SYSTEM DESIGN MASTERY · TRACK C · MODULE C5 · WEEK 29 OAUTH2 · JWT · MTLS · ZERO-TRUST · SECRETS · OWASP · DDOS

// TRACK C · ADVANCED TOPICS · FINAL MODULE

Security
Architecture

OAUTH2 / OIDC · JWT INTERNALS · MTLS · ZERO-TRUST
SECRETS MANAGEMENT · OWASP TOP 10 · DDOS MITIGATION

OAuth2

AUTH STANDARD

OWASP RISKS

Zero

IMPLICIT TRUST

FINAL MODULE

OAuth2 / OIDC

JWT

mTLS

Zero-Trust

Secrets Mgmt

OWASP Top 10

DDoS / Rate Limit

Authentication vs Authorization

Two separate checks — conflating them is the root cause of access control bugs

Authentication

WHO ARE YOU? PROVE YOUR IDENTITY.

Validates that the caller is who they claim to be. Happens once per session or token issuance.

→ Passwords + MFA
→ OAuth2 tokens
→ mTLS certificates
→ "The user is logged in"

Authorization

WHAT CAN YOU DO? CHECK PERMISSIONS.

Validates that the authenticated caller has permission for this specific action on this specific resource. Happens on every request.

→ RBAC / ABAC / ACLs
→ OAuth2 scopes
→ "User can delete order #123"
→ Must check on EVERY endpoint

Common mistake: checking authentication but not authorization. A user who is logged in can call any endpoint — even ones that belong to other users. Always check: (1) is this request authenticated? (2) does this principal have permission for THIS specific resource? Missing step 2 = IDOR (Insecure Direct Object Reference) = OWASP #1.

OAuth2 & OpenID Connect

OAuth2 delegates authorization — OIDC adds identity on top

// AUTHORIZATION CODE + PKCE FLOW — the correct flow for web & mobile

User clicks "Login with Google." App generates code_verifier (random 43–128 chars) and code_challenge = BASE64URL(SHA256(code_verifier)).

App redirects browser to Google: /authorize?client_id=...&redirect_uri=...&scope=openid+email&state=xyz&code_challenge=...&code_challenge_method=S256

User authenticates at Google (password + MFA). User consents to requested scopes. Google redirects back to app's redirect_uri with a short-lived authorization_code and the original state.

App verifies state matches (CSRF protection). App POSTs to /token: { code, code_verifier, client_id, redirect_uri, grant_type=authorization_code }

Google verifies code_verifier matches code_challenge. Returns: access_token (15min), refresh_token (14 days), id_token (JWT with user claims).

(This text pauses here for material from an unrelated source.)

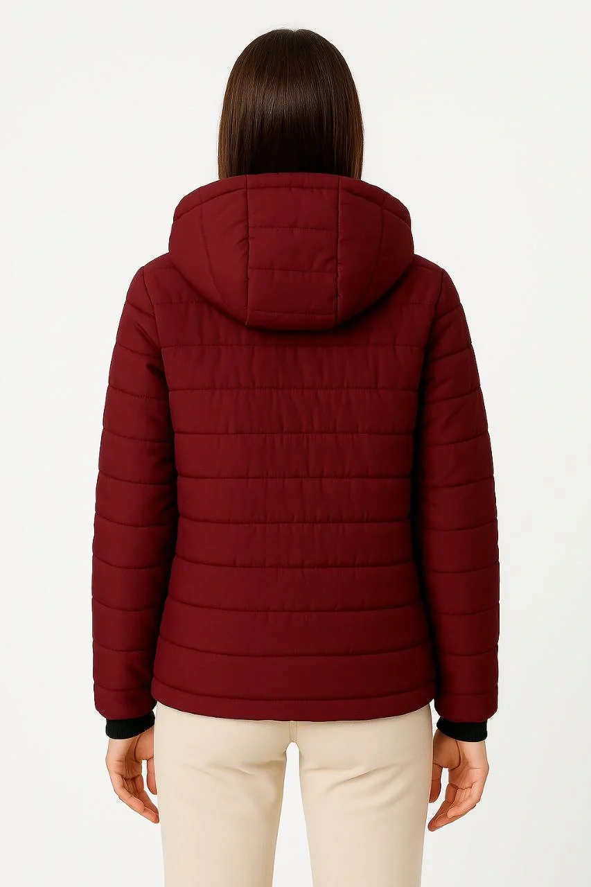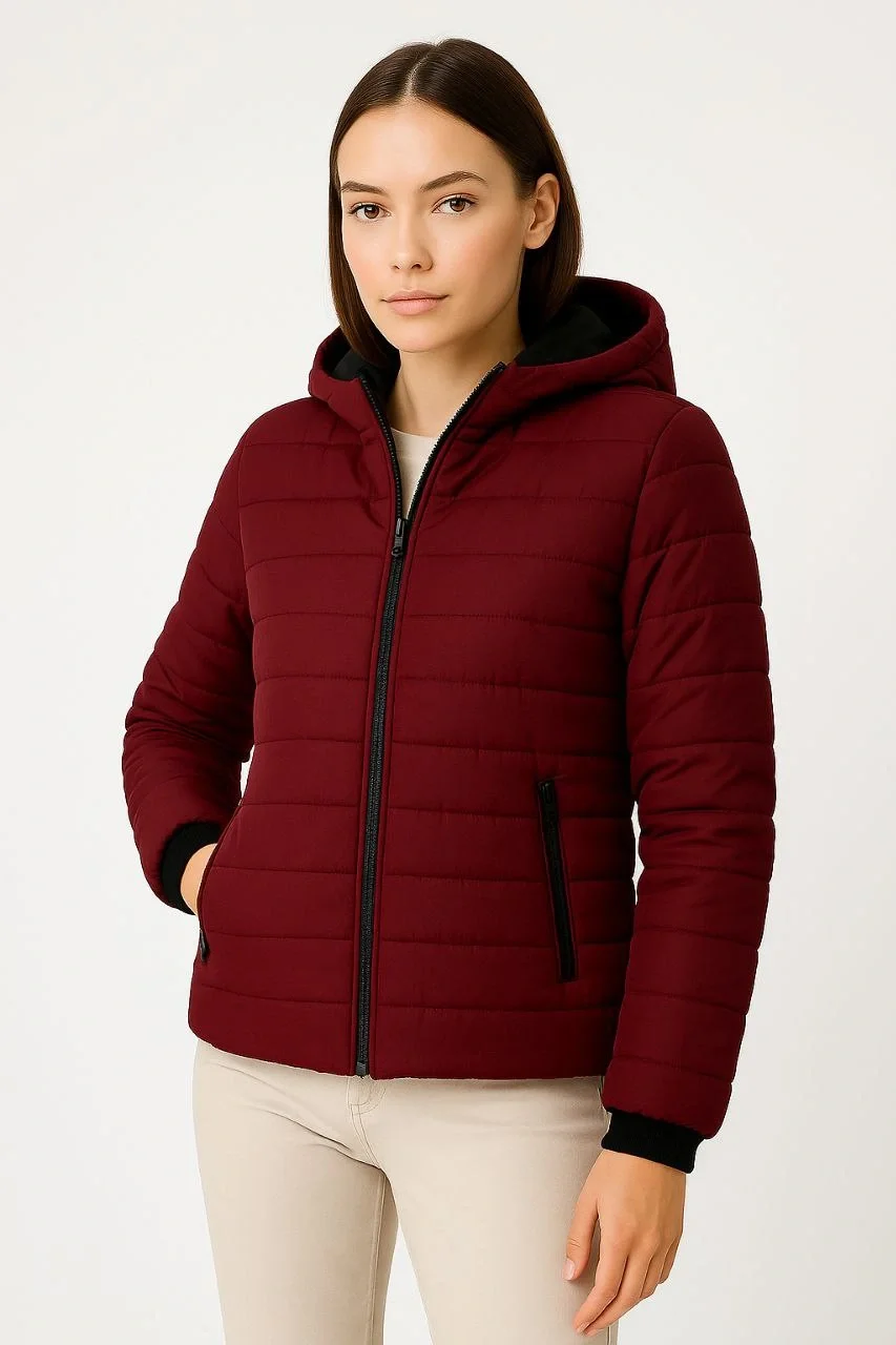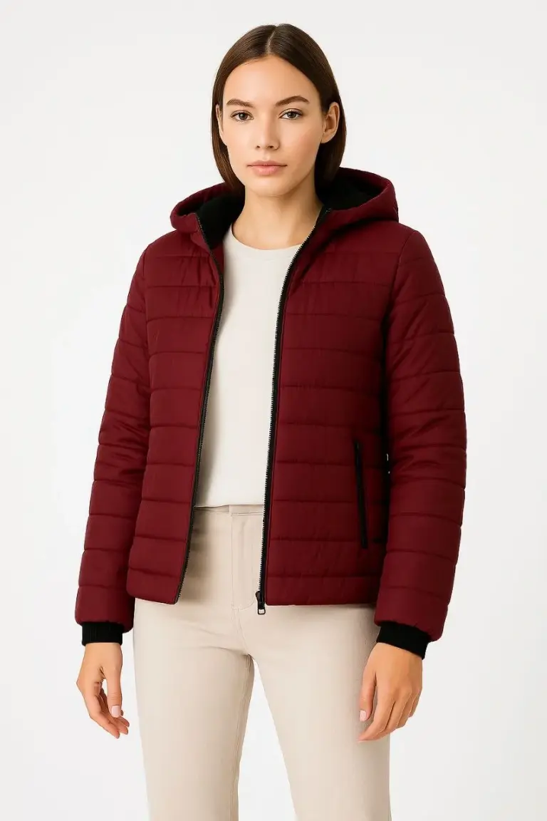 Şişme Kapüşonlu Fermuarlı Mont Su İtici Kapitone Cepli Ceket – Bordo

App validates id_token signature + claims (iss, aud, exp, nonce). Stores refresh_token in httpOnly cookie. Keeps access_token in memory only (not localStorage).

App calls APIs with Authorization: Bearer <access_token>. API verifies token signature using Google's public JWKS keys — no round-trip to Google needed.

Access token expires. App uses refresh_token to silently get a new access token via POST /token with grant_type=refresh_token. User never sees this.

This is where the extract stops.